Бедняжка! Потерять возлюбленного, потерять ребенка, а теперь еще скрываться от вездесущего Комитета... Надо бы увезти ее куда-нибудь подальше, она уже достаточно оправилась для путешествия...
Доктор был немало удивлен, когда женщина, едва не лишившаяся чувств от известиях об утреннем визите, затем начала чуть ли не с радостью выспрашивать во всех подробностях, что именно интересовало агента, как он представился, и даже как он выглядел.
- Это Дюваль!
- Он тебе знаком, гражданка? И ты радуешься, что тебя ищут?!
- О, да! Ведь это значит... - Ее глаза светились, на бледное осунувшееся лицо возвращались краски жизни. И вдруг, заметив обеспокоенность доктора, она замолчала.
Несколько месяцев, проведенные в Париже, приучили ее быть осмотрительной. За собственным своим отчаянием и только что возрожденной надеждой она вдруг уловила жуткую двусмысленность того положения, в каком оказался спасший ее доктор: думая, что защищает ее, он уже дважды ввел в заблуждение правительственных агентов... Что же теперь делать, каким образом дать знать о себе и при этом не скомпрометировать хорошего человека...
- Доктор, расскажите, что сейчас происходит, что в Париже. Я помню, как началось наводнение, как мы уезжали оттуда - меня убедил уехать... друг. А потом все как в тумане. Мне кажется, мы не очень далеко отъехали - ведь так? И новости из Парижа сюда приходят в тот же день? Что там?
Она впервые проявила интерес к окружающему миру... И доктор стал рассказывать, как несколько дней из Парижа шли и ехали люди, разбредаясь по всем окрестным деревням. - «Вы были в числе первых, у вас был экипаж...» - «Да, у Гато было поручение в северные департаменты». - Доктор скептически пожал плечами - гостинец с поручением...

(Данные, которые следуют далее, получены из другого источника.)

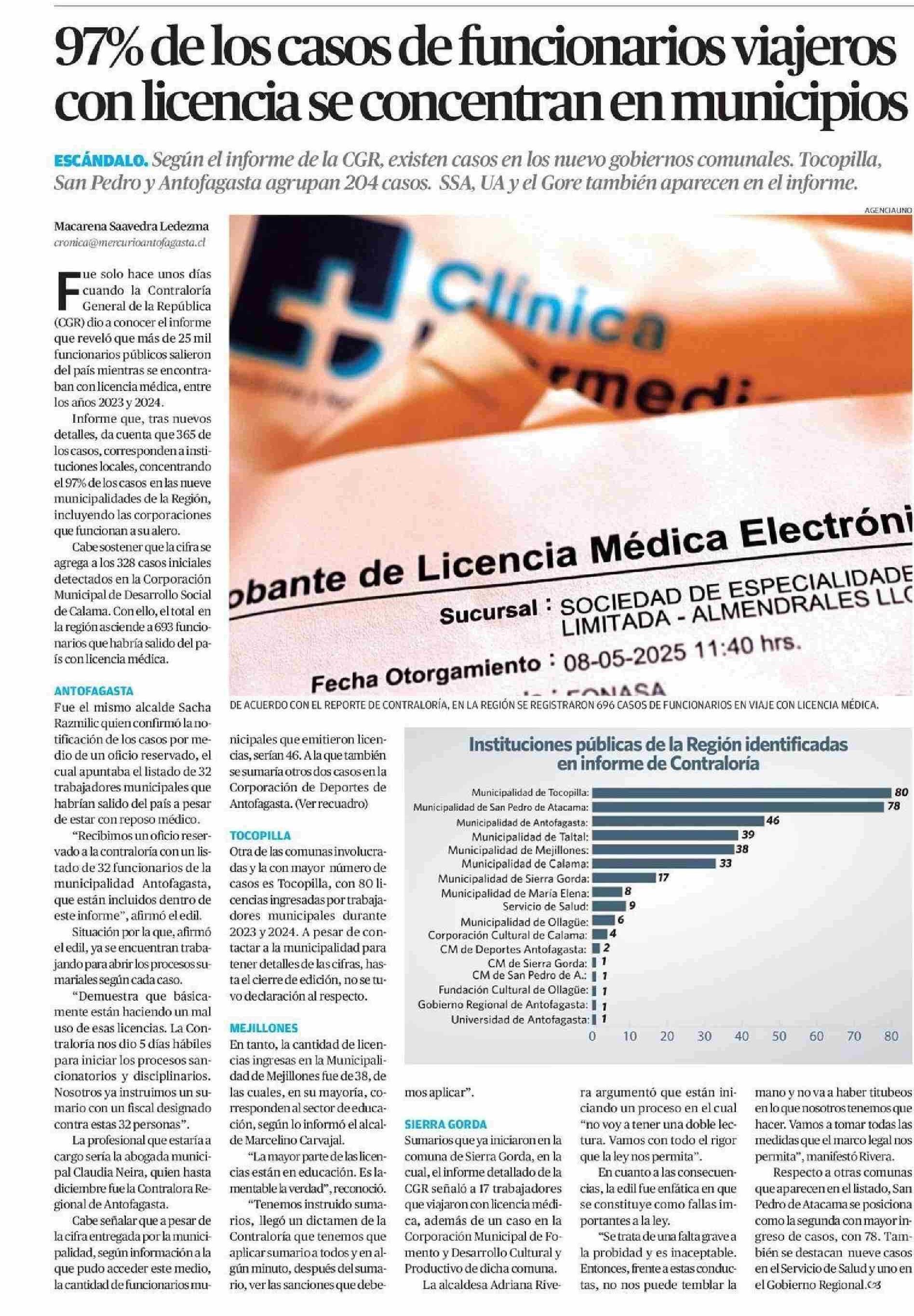 97% delos casos de funcionarios viajeros con licencia se concentran en municipios 24-05-2025 El Mercurio de Antofagasta |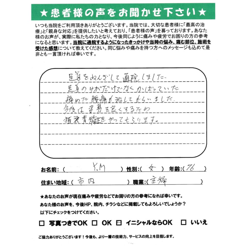 足首をねんざして通院しました。足首のケガだけでなくかばっていた痛めた腰痛も治してもらいました。今後は姿勢を良くするため猫背矯正をやってもらいます。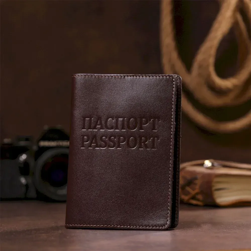 Шкіряна обкладинка на паспорт з написом SHVIGEL 13976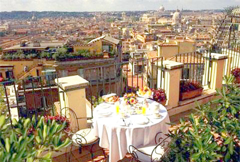 Top Suite — изысканные номер, расположенный на последнем этаже отеля, с просторной гостиной с обеденной зоной, камином, спальней, ванной комнатой, живописной террасой с панорамным видом на Рим.

Потом пришли вести, что вода сошла, но оставила немало разрушений, что много народу погибло, в том числе некоторые члены правительства и муниципалитета, и вообще известные люди. Но те кто остался, кажется, неплохо справляются с снабжением города, с его очисткой и восстановлением. По слухам, сами парижане работают так, как трудились четыре года назад на Марсовом поле. И уже заметно меньше беженцев осталось даже в нашем городке - люди возвращаются. Говорят, на верхних этажах, да и вообще в местах повыше вполне можно жить. А мародерство пресекают самым жестоким образом. Нет, не расстреливают, мы не на войне, а среди них ведь есть совсем бедняки, кто все потерял. Их отправляют чистить выгребные ямы, так вот! И граждане сами следят.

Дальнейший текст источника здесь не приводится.